*Work instructions:* Copy out exactly the stretch below, from the line with "Notes Star Wars" through the line with "riche et pauvre…", both included; the pictures stay out.

[Items listed in a dataset]
----

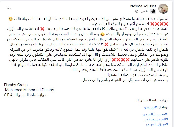 حذر عدد من المواطنين من شركة العربي جروب بعد توثيق تجاربهم مع الشركة ومنتجاتها وسوء الخدمة المقدمة، وقالت إحدي السيدات ،" تم شراء بوتاجاز تورنيدوا مسطح مش من اي معرض اجهزه او محل عادي عشان اخد فرز تاني وله تالت لا ده من أكبر فروع لشركه العربي جروب لسه جديد انفجر فيا وبنتي ٣ سنين والازاز كله انفجر علينا وبهدلنا جسدينا ونفسينا ليه ليه مين المسؤول عن كده عشان تبعتولي بوتوجاز بالنظر وتم الاتصال بخدمه العملاء وجه المندوب وبقي مش مصدق المنظر وتم تصوير الممنظر وبنقوله الحل قال ماليش دعوه الشركه هي اللي هتقول تم الرد من الشركه اني يتغير علي حسابي اغير اي علي حسابي ❌؟!؟؟ ".
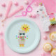 Paper plates with a cool looking llama wearing some dark sunglasses. Dressed in a colourful striped scarf and fun little boots. A bright yellow sun with a happy kawaii face in the background. Whimsical colourful triangles surround this fun loving llama. Blue background.
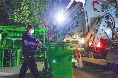 “我19时上岗,一直忙到次日凌晨4时。去的这些小区已经很熟了,小区里的老住户都很理解我们。”10月21日晚,垃圾清运员张恩利与同事到达东湖小区,开始收运垃圾。看着一个个“爆满”的垃圾箱,张恩利熟练地将其拖至垃圾清运车后,利用垃圾清运车钩环,将垃圾箱钩挂、抬举、翻转、倾倒……整个流程一气呵成。
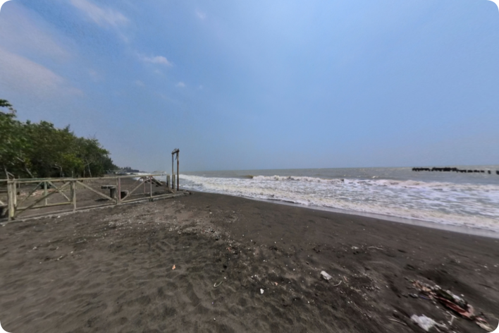 Sangat indah. Pantai yang luas dan panjang membuat kita di manjakan oleh bentangan luasnya air laut. Dan angin yang sumilir dengan menikmati swcangkir kopi.
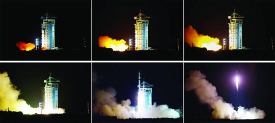 2016年8月16日1时40分,我国在酒泉卫星发射中心用长征二号丁运载火箭成功将世界首颗量子科学实验卫星(简称“量子卫星”)发射升空(拼版照片)。 □新华社记者/金立旺 摄
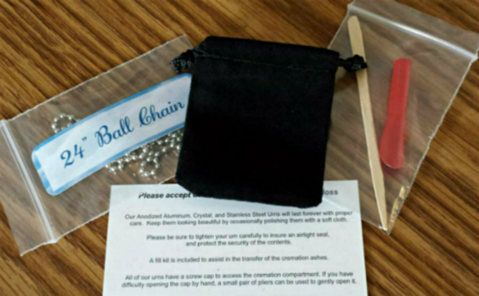 Sturdy, discreet, and secure, this Urn is 1-3/4 inches tall and has a small clear container inside to hold a small amount of your loved ones ashes. Keep them close to you always. Urn is made of aircraft-grade anodized aluminum and will last forever. The urn unscrews to reveal the storage chamber. Inside there is a clear container to keep the ashes safe and dry. A rubber gasket on the screw-on cap provides a waterproof seal. These urns are strong and lightweight enough to carry every day and fits nicely on a keyring or a necklace.
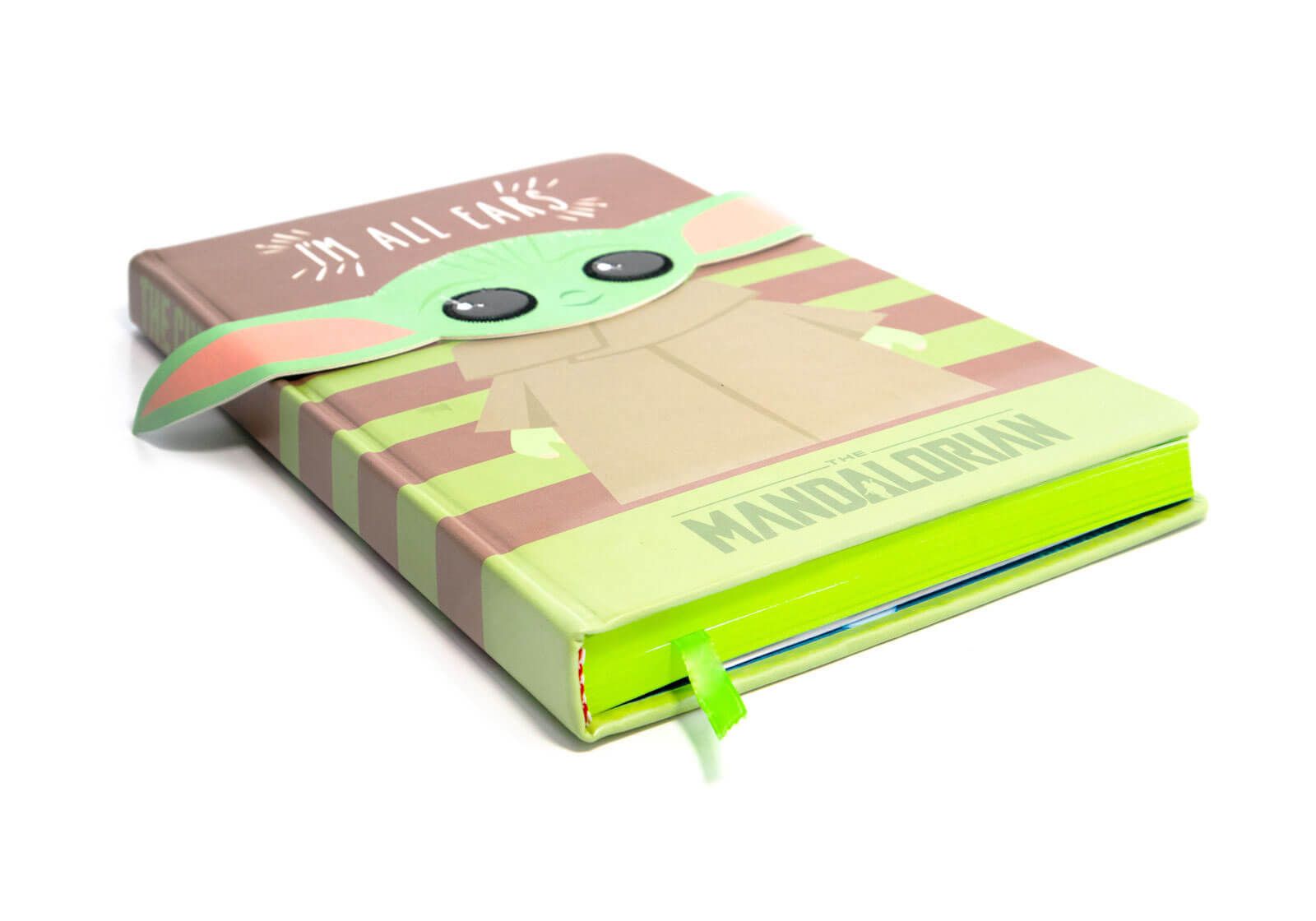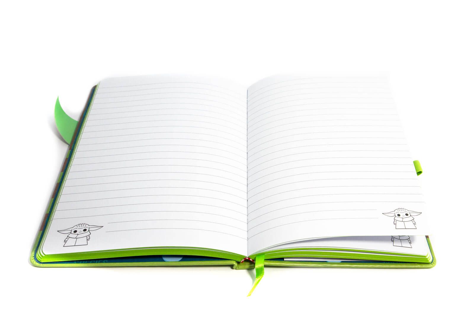 Notes Star Wars The Mandalorian I'm All Ears Green Świetny gadżet który wykorzystasz zarówno w szkole, jak i w pracy. Idealnie sprawdzi się też jako dziennik czy pamiętnik. Twarda okładka, zadrukowana fotografią o intensywnych i wyrazistych barwach. 120 kartek w szeroką linie ozdobione grafiką z głównego motywu. Zamykany na kolorową gumkę. Posiada oficjalną licencję producenta, to oryginalny gadżet! Wymiary zeszytu: 14,8x21 cm
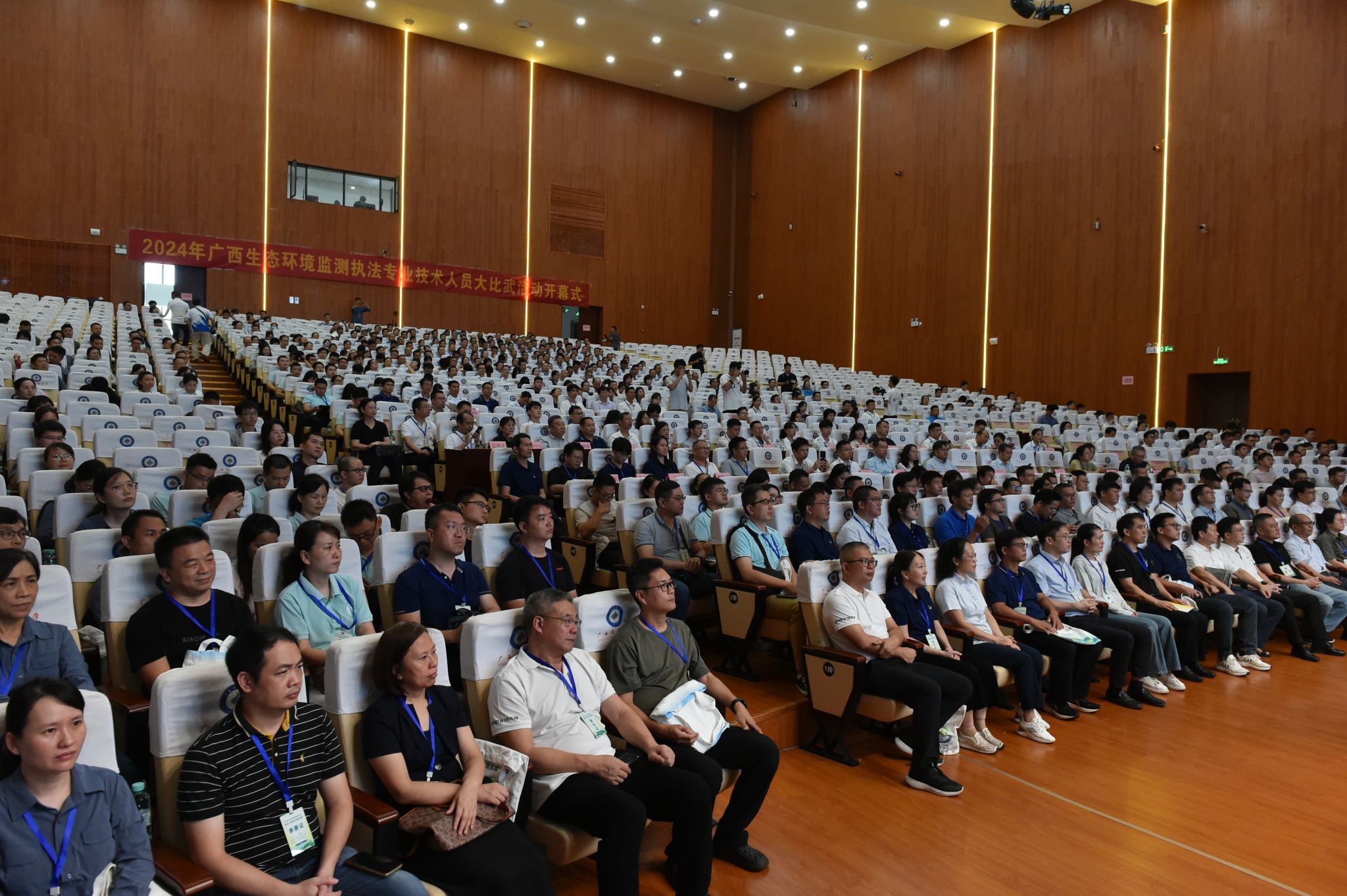 【大学生通讯社报道】7月19日至21日,2024年广西生态环境监测执法专业技术人员大比武活动在澳门网投官方网站举行。中国环境监测总站党委书记、站长张大伟,自治区生态环境厅党组书记、厅长陈亮,澳门网投官方网站党委副书记、校长韦仕珍出席活动。
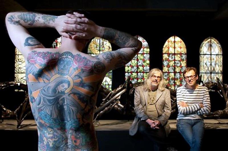 – Ce qui l’intéresse, c’est l’opposition entre l’univers populaire du tatouage, rue, morbidité de la peau, comme support non permanent… et le monde du pouvoir qu’illustre le cadre dans lequel on se trouve, bois sculptés, dorures, meubles et tapis. L’opposition entre populaire et exclusif, grand et petit, riche et pauvre…
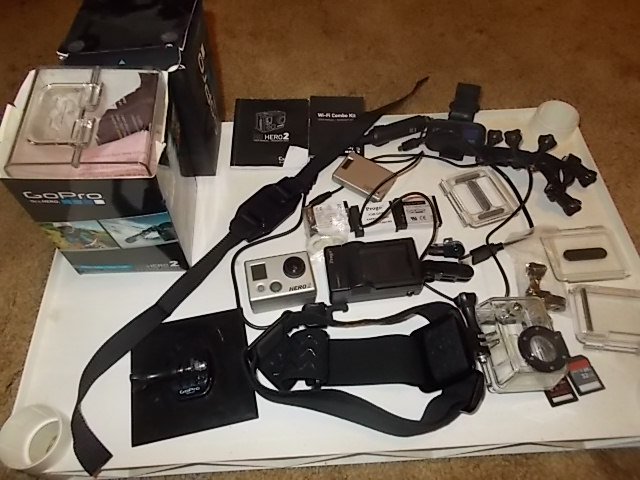 Go Pro Hero 2 outdoors edition with lots of extras, wifi backpack, 3 batteries, 110/12v battery charger all USB cords 8 and 32GB Class 10 SD cards... $250
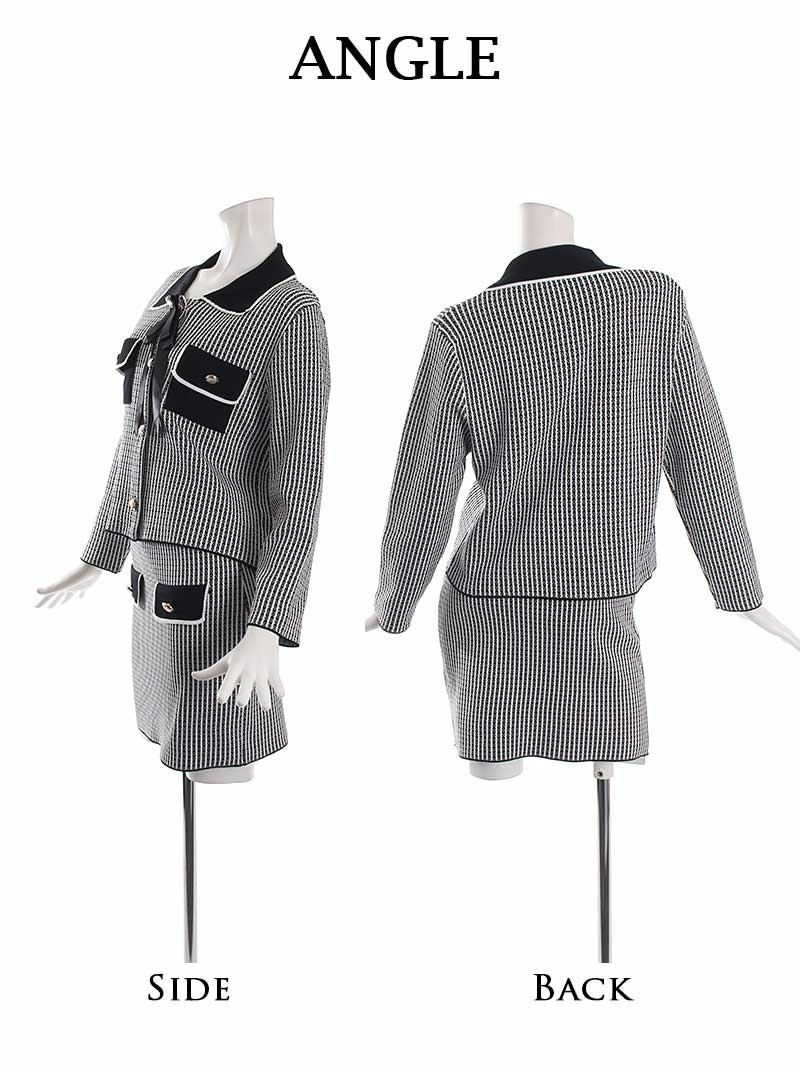 千鳥柄風デザインで上品な印象に 令嬢風ニットキャバスーツ 千鳥柄フォーマルスーツ【Ryuyu】(M)(ブラック)

----

*Solution for this exercise:*
 Notes Star Wars The Mandalorian I'm All Ears Green Świetny gadżet który wykorzystasz zarówno w szkole, jak i w pracy. Idealnie sprawdzi się też jako dziennik czy pamiętnik. Twarda okładka, zadrukowana fotografią o intensywnych i wyrazistych barwach. 120 kartek w szeroką linie ozdobione grafiką z głównego motywu. Zamykany na kolorową gumkę. Posiada oficjalną licencję producenta, to oryginalny gadżet! Wymiary zeszytu: 14,8x21 cm
 【大学生通讯社报道】7月19日至21日,2024年广西生态环境监测执法专业技术人员大比武活动在澳门网投官方网站举行。中国环境监测总站党委书记、站长张大伟,自治区生态环境厅党组书记、厅长陈亮,澳门网投官方网站党委副书记、校长韦仕珍出席活动。
 – Ce qui l’intéresse, c’est l’opposition entre l’univers populaire du tatouage, rue, morbidité de la peau, comme support non permanent… et le monde du pouvoir qu’illustre le cadre dans lequel on se trouve, bois sculptés, dorures, meubles et tapis. L’opposition entre populaire et exclusif, grand et petit, riche et pauvre…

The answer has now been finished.